Suitors for Air India are expected to be asked to bid on the basis of a combination of its equity and debt value, as the government moves ahead with a strategic stake sale in the national carrier.
The government is believed to have turned down suggestions to either run the operations for next three years or shut Air India down as mentioned by Union Minister of Civil Aviation Hardeep Singh Puri.
The Times of India reported that a panel of officers tasked with looking into various options put forth by transaction adviser, Ernst & Young was not in favour of reducing the debt by Rs. 23,000 crore.
According to the news report, while the final modalities have to be prepared by the core group on disinvestment headed by Cabinet Secretary Rajiv Gauba, before a greenlight from a ministerial panel, the groundwork is done by the Inter-ministerial Group (IMG).
The newspaper quoted top government sources as indicating that the finance ministry is keen on the Department of Investment and Public Asset Management (DIPAM) moving ahead with the disinvestment programme of public sector companies in line with the Cabinet decision.
Given that Air India has 15,000 employees and vast infrastructure, winding up the airline was not an option, the report said adding closure of the airline will lead to further value erosion. The government had extended the deadline for submission of interest to October 30.

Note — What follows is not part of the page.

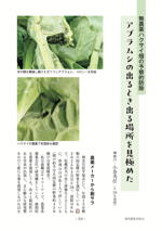 ●農薬メーカーから脱サラ●虫の出方が変わってきた●観察で発生パターンを把握●8年前の100倍に激増●成虫が越冬、卵も冬眠せず●予察的防除のやり方◎(1)9月20日前後から注意◎(2)早朝、有翅体を探す◎(3)日の当たらない所が好き◎(4)雨が繁殖のスイッチ●自作防除液とガムテープ●防虫ネットなしも可能に

As per the news report, the inter-ministerial group was of the view that the equity value had come down over the last one year due to Air India losing market share, with COVID-19 disruptions further impacting its profitability.
At the same time, the debt burden had only mounted. As a result, the government expects that assigning a prefixed debt level may turn out to be detrimental and could further reduce competition.
The debt of Air India as on March 31, 2019 was Rs. 58, 255 crore. Later in 2019, Rs. 29,464 crore of this debt was transferred from Air India to a government-owned special purpose vehicle called Air India Assets Holding Company Limited (AIAHL).
Following an unsuccessful attempt in 2018, the Government of India re-initiated the process to divest its stake in Air India on January 27. However as COVID-19 struck, the process had to be extended. It has been extended four times thus far, with the final extension for October 30, being granted on August 25.
As per the plan, 100 per cent of government equity in the national carrier, including Air India’s 100 per cent shareholding in Air India Express Ltd and 50 per cent in Air India SATS Airport Services Private Ltd will be diluted.